### What you are asked to do
The copy should hold exactly the lines below from the one that contains "This 34x20 desk" through the one that contains "Schöne rosa Rose" and nothing else, so no pictures.

### Excerpted records
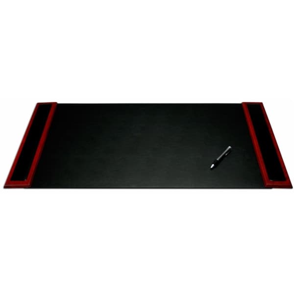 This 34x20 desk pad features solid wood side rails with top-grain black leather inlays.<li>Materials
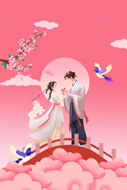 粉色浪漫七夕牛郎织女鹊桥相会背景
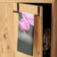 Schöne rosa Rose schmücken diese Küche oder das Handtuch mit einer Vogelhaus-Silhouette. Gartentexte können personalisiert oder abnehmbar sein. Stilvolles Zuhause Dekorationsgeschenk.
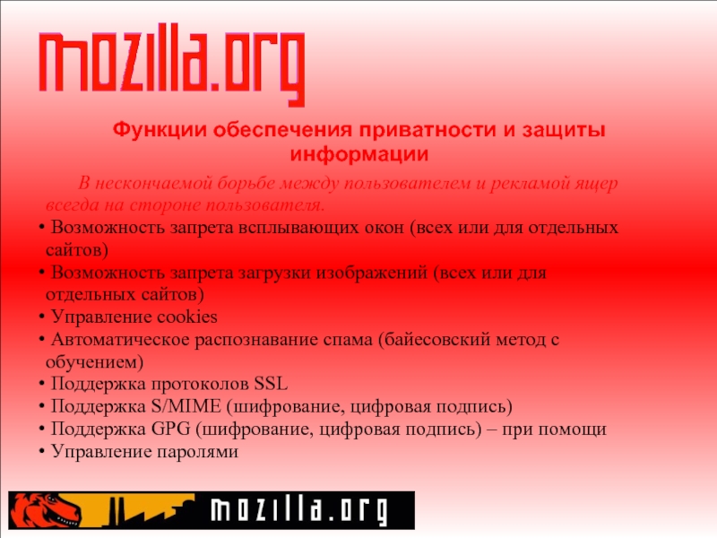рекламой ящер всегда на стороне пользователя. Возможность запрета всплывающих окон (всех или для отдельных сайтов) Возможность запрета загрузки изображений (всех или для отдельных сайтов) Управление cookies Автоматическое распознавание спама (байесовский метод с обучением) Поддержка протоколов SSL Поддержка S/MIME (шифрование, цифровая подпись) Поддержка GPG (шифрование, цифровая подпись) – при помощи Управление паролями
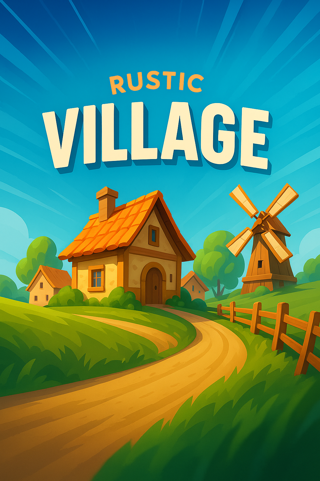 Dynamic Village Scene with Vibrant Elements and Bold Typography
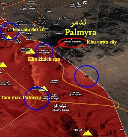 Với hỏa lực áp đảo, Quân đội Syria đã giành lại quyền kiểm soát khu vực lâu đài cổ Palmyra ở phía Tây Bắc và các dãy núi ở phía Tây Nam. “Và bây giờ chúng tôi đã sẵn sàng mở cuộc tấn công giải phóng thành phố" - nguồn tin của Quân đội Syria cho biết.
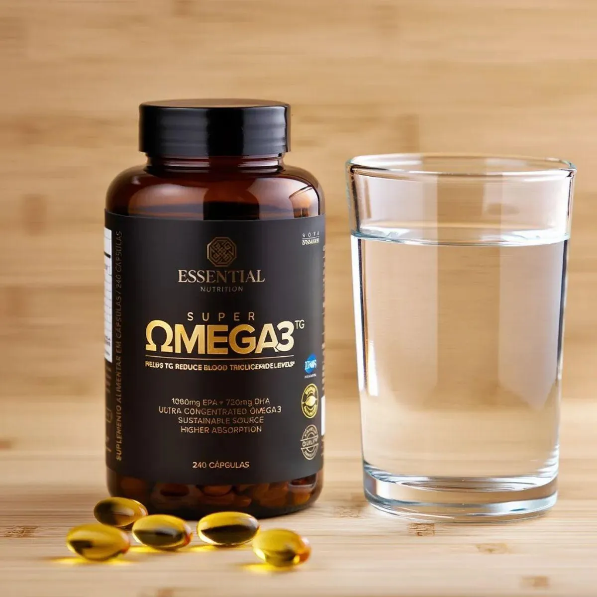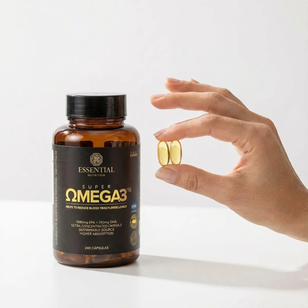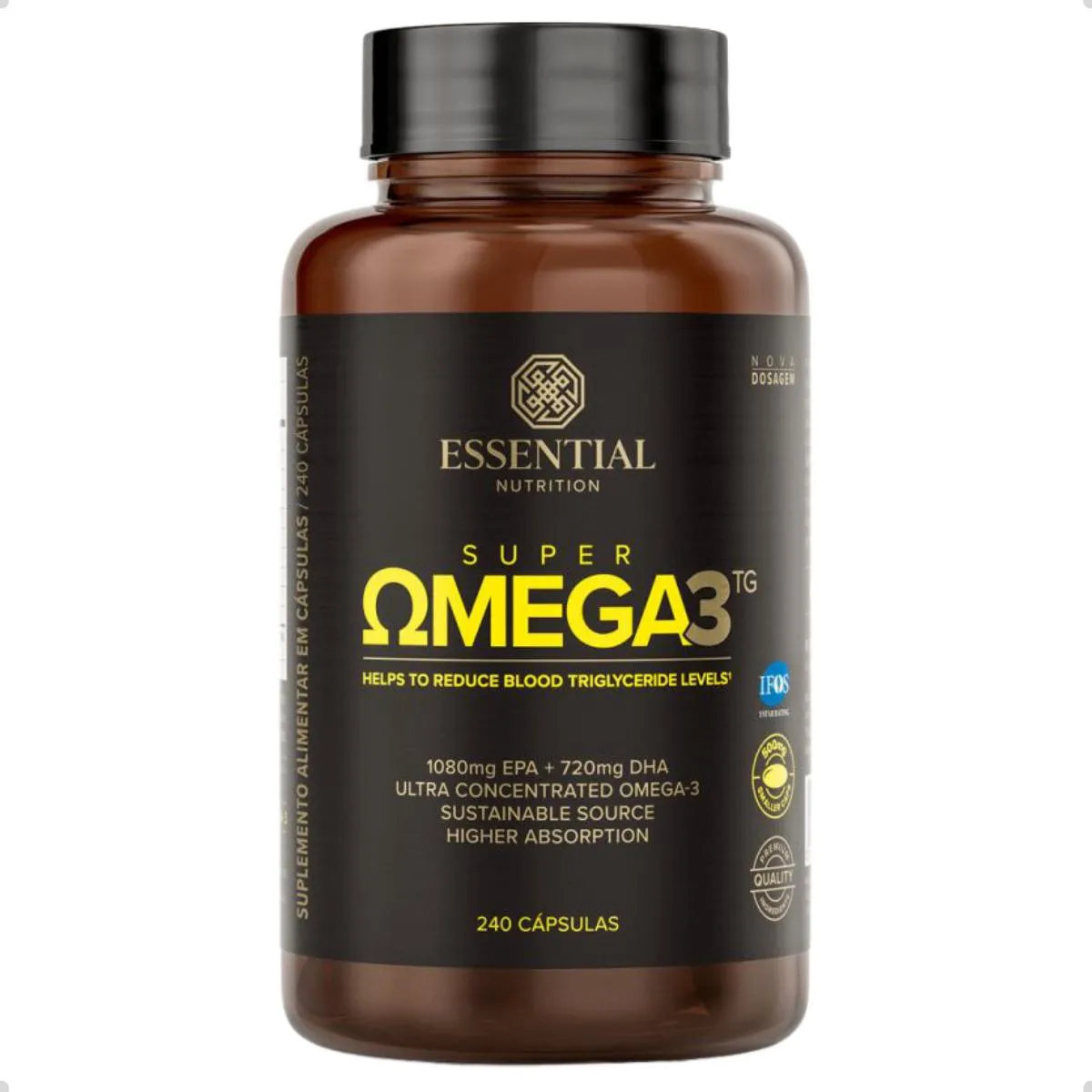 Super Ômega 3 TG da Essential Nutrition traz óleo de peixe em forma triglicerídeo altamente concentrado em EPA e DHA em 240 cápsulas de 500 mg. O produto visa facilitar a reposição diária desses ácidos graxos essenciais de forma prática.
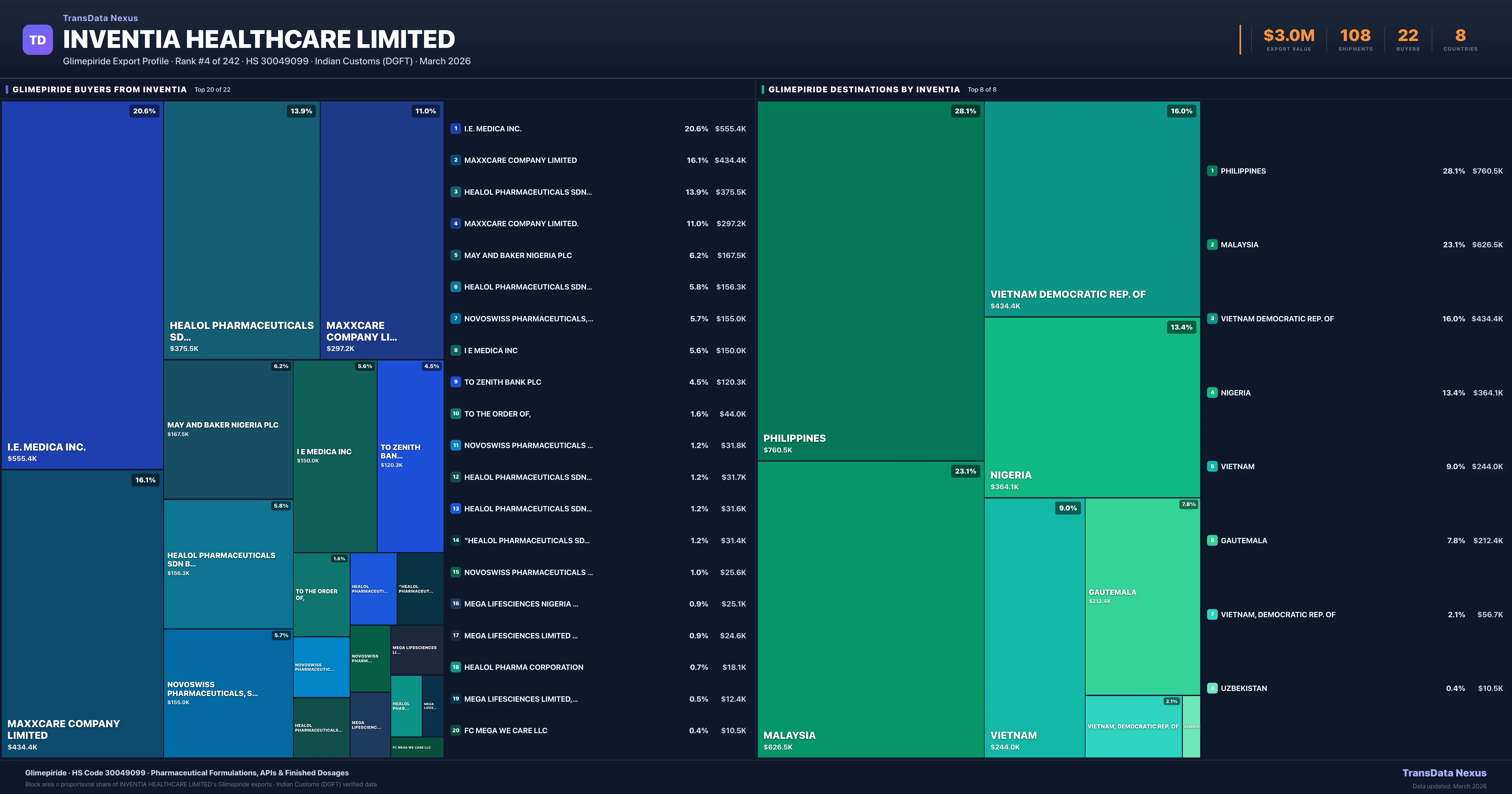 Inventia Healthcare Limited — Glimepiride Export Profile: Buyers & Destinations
* * *
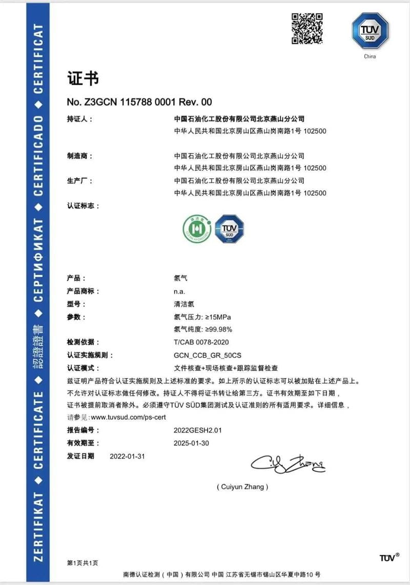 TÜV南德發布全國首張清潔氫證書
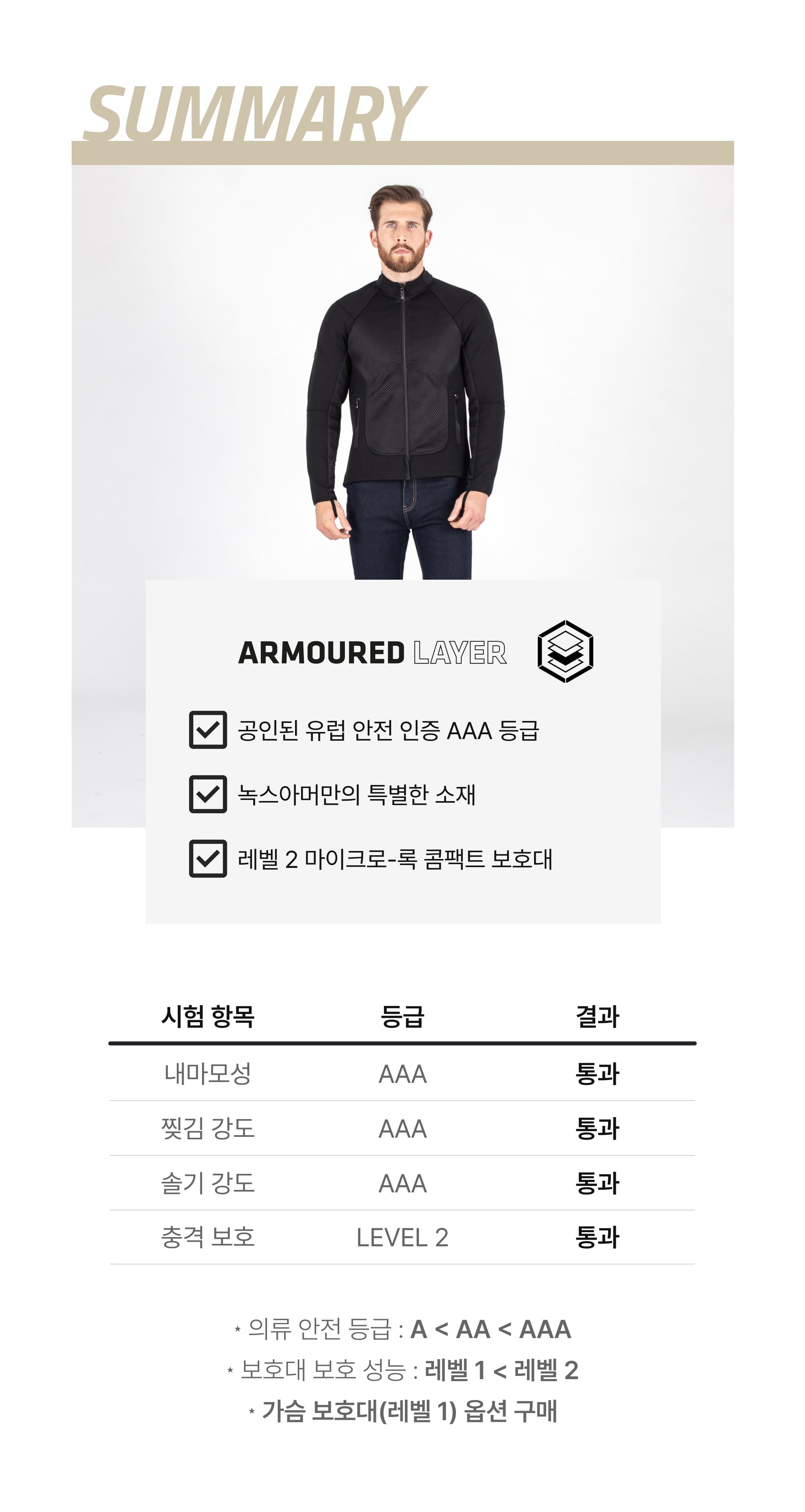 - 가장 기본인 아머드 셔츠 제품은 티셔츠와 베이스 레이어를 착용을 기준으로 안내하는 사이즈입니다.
* * *
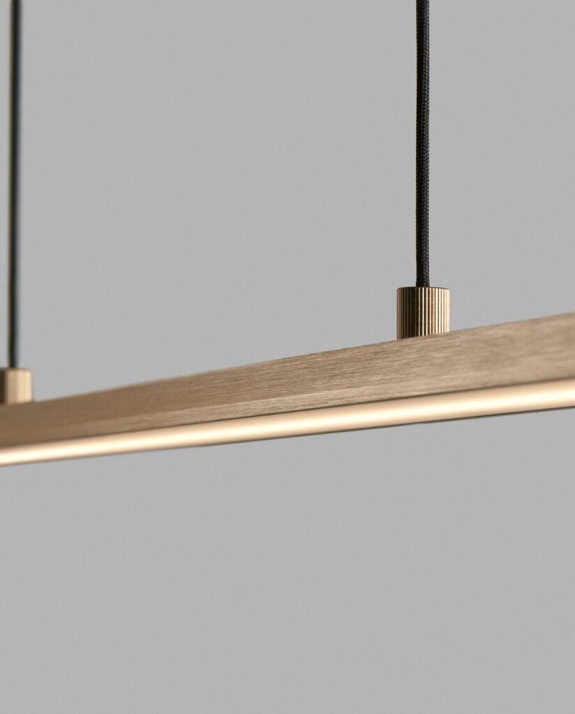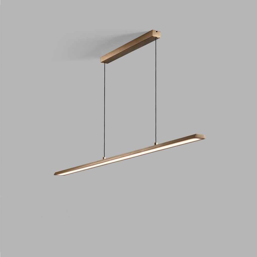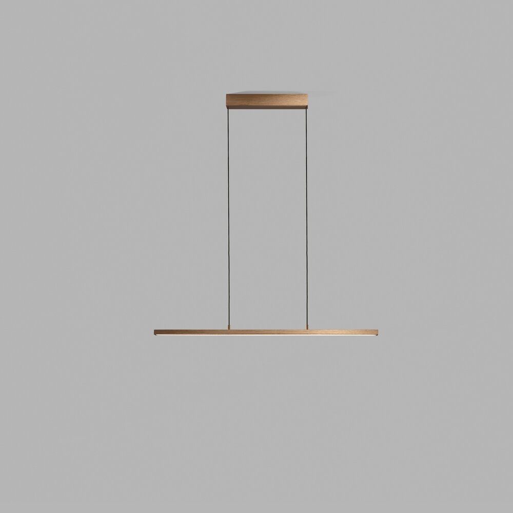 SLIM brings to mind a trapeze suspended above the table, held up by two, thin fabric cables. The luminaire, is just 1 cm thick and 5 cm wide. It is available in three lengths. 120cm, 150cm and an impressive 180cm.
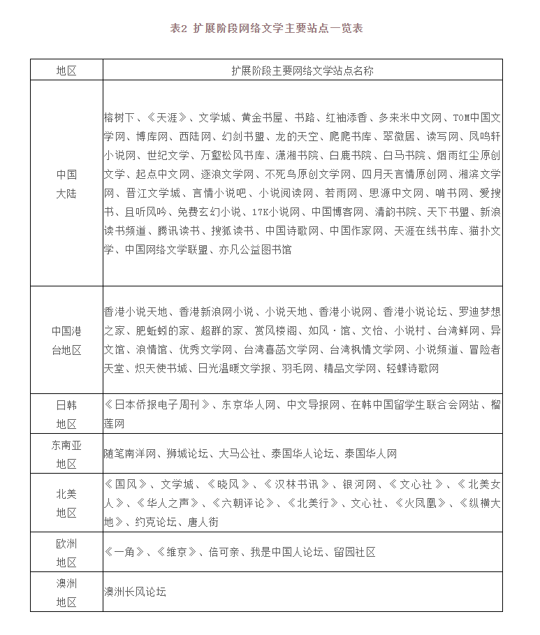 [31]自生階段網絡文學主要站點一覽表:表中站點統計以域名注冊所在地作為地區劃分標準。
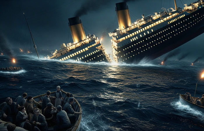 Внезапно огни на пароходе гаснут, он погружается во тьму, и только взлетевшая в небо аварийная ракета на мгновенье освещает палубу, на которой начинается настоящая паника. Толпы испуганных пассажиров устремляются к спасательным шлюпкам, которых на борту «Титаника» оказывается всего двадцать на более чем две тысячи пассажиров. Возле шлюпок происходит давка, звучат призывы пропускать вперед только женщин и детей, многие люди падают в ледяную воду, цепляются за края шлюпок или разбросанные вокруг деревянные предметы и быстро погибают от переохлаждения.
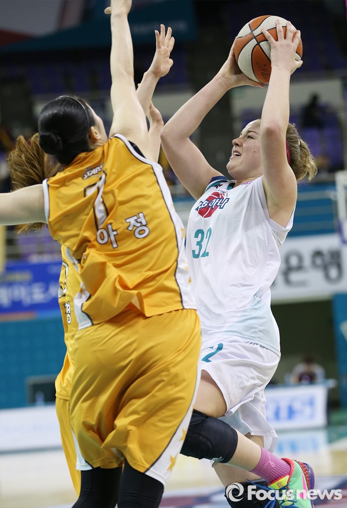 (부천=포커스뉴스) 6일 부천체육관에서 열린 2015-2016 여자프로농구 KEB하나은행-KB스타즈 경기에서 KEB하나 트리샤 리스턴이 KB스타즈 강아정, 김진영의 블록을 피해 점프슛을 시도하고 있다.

### Solution for this exercise
 This 34x20 desk pad features solid wood side rails with top-grain black leather inlays.<li>Materials
 粉色浪漫七夕牛郎织女鹊桥相会背景
 Schöne rosa Rose schmücken diese Küche oder das Handtuch mit einer Vogelhaus-Silhouette. Gartentexte können personalisiert oder abnehmbar sein. Stilvolles Zuhause Dekorationsgeschenk.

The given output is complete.